**What the task requires:** Find and copy each line of the listing below that has the word "яний" in it.

**Input records:**
►

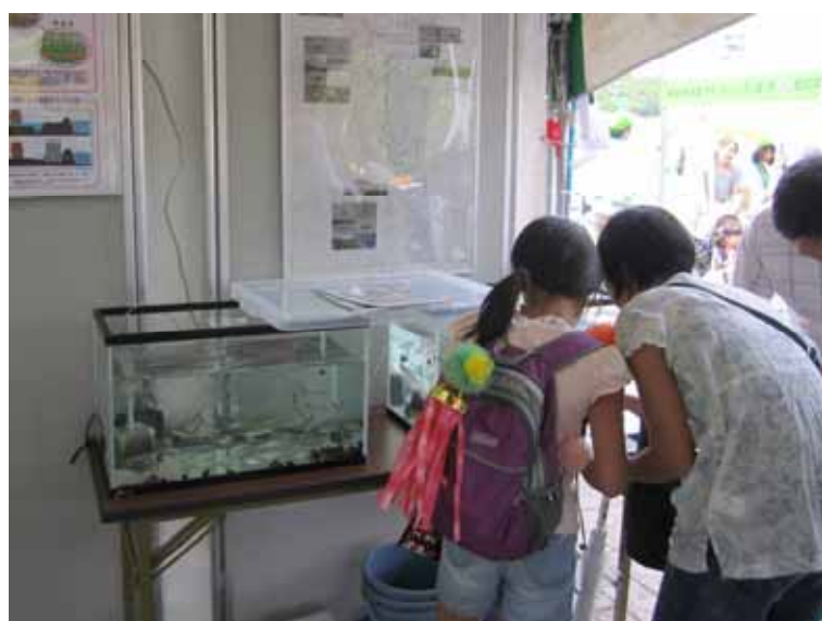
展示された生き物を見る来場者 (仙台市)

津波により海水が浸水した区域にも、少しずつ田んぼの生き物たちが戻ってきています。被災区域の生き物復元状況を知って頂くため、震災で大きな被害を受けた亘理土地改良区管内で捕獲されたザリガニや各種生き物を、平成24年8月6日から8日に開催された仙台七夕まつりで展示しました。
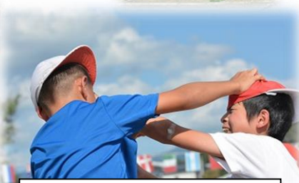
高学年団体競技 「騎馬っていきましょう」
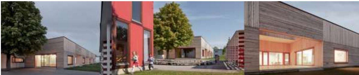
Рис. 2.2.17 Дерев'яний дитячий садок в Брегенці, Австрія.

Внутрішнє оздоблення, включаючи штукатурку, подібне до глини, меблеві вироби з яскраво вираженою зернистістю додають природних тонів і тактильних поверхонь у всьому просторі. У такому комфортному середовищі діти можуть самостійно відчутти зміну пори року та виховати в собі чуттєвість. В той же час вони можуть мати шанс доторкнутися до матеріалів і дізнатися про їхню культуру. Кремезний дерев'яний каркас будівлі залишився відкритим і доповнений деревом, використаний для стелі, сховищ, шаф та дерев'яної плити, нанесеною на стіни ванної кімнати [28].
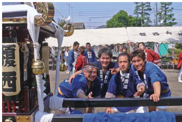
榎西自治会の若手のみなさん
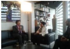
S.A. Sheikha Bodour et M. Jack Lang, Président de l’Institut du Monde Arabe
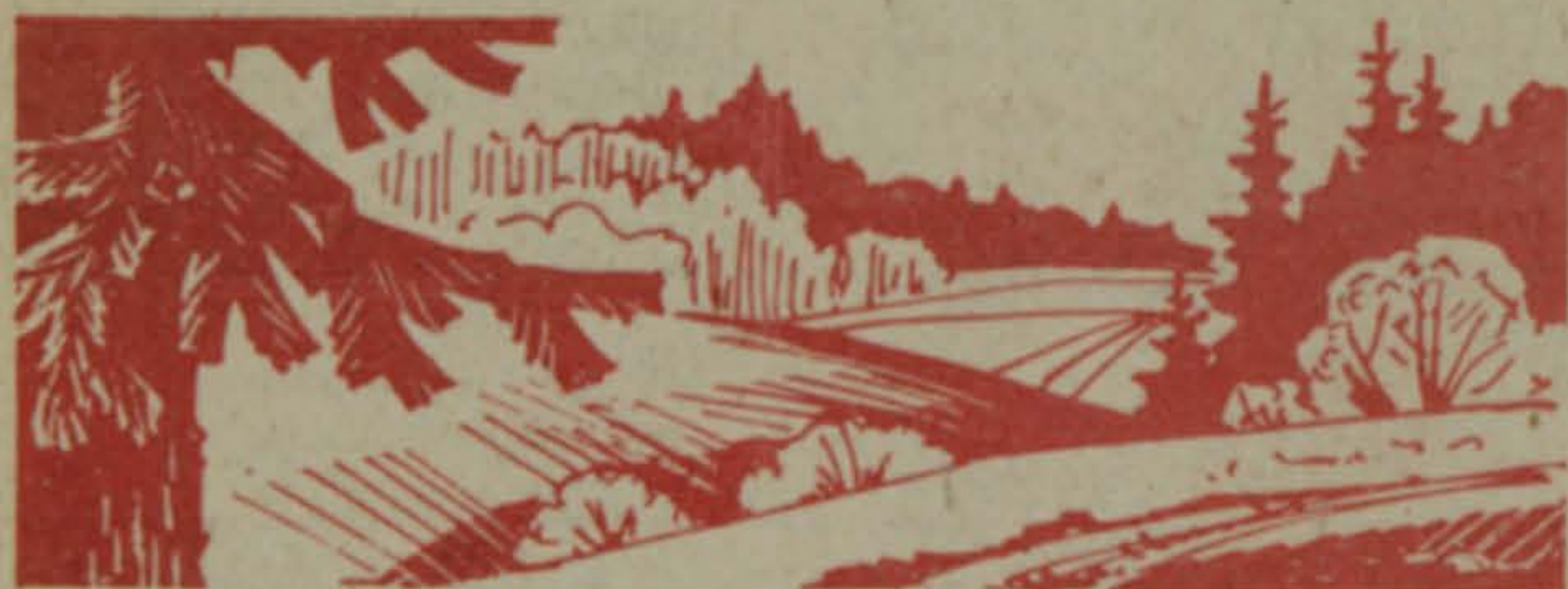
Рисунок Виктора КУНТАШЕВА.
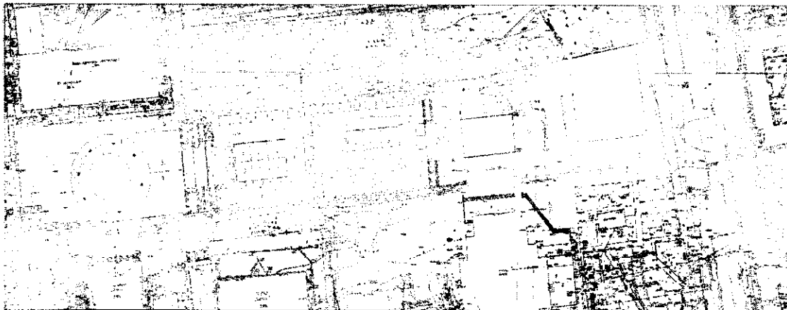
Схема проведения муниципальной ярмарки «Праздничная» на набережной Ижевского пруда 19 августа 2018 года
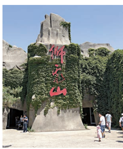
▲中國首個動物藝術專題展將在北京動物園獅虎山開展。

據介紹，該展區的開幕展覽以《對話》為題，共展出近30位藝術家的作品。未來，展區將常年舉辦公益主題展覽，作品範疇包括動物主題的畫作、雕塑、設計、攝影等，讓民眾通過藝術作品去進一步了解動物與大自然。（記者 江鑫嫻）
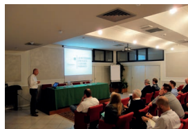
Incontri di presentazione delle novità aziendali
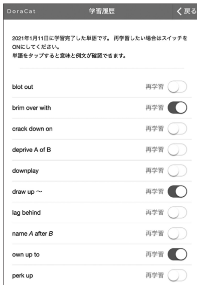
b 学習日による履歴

◄
►

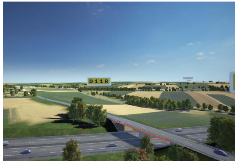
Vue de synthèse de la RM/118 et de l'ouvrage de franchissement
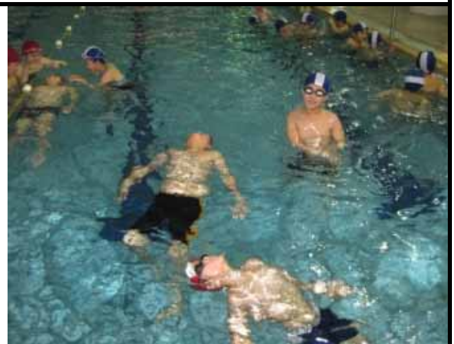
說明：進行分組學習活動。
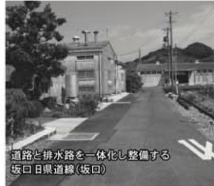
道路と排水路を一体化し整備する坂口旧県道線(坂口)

◄

**Exercise answer:**
Рис. 2.2.17 Дерев'яний дитячий садок в Брегенці, Австрія.
Внутрішнє оздоблення, включаючи штукатурку, подібне до глини, меблеві вироби з яскраво вираженою зернистістю додають природних тонів і тактильних поверхонь у всьому просторі. У такому комфортному середовищі діти можуть самостійно відчутти зміну пори року та виховати в собі чуттєвість. В той же час вони можуть мати шанс доторкнутися до матеріалів і дізнатися про їхню культуру. Кремезний дерев'яний каркас будівлі залишився відкритим і доповнений деревом, використаний для стелі, сховищ, шаф та дерев'яної плити, нанесеною на стіни ванної кімнати [28].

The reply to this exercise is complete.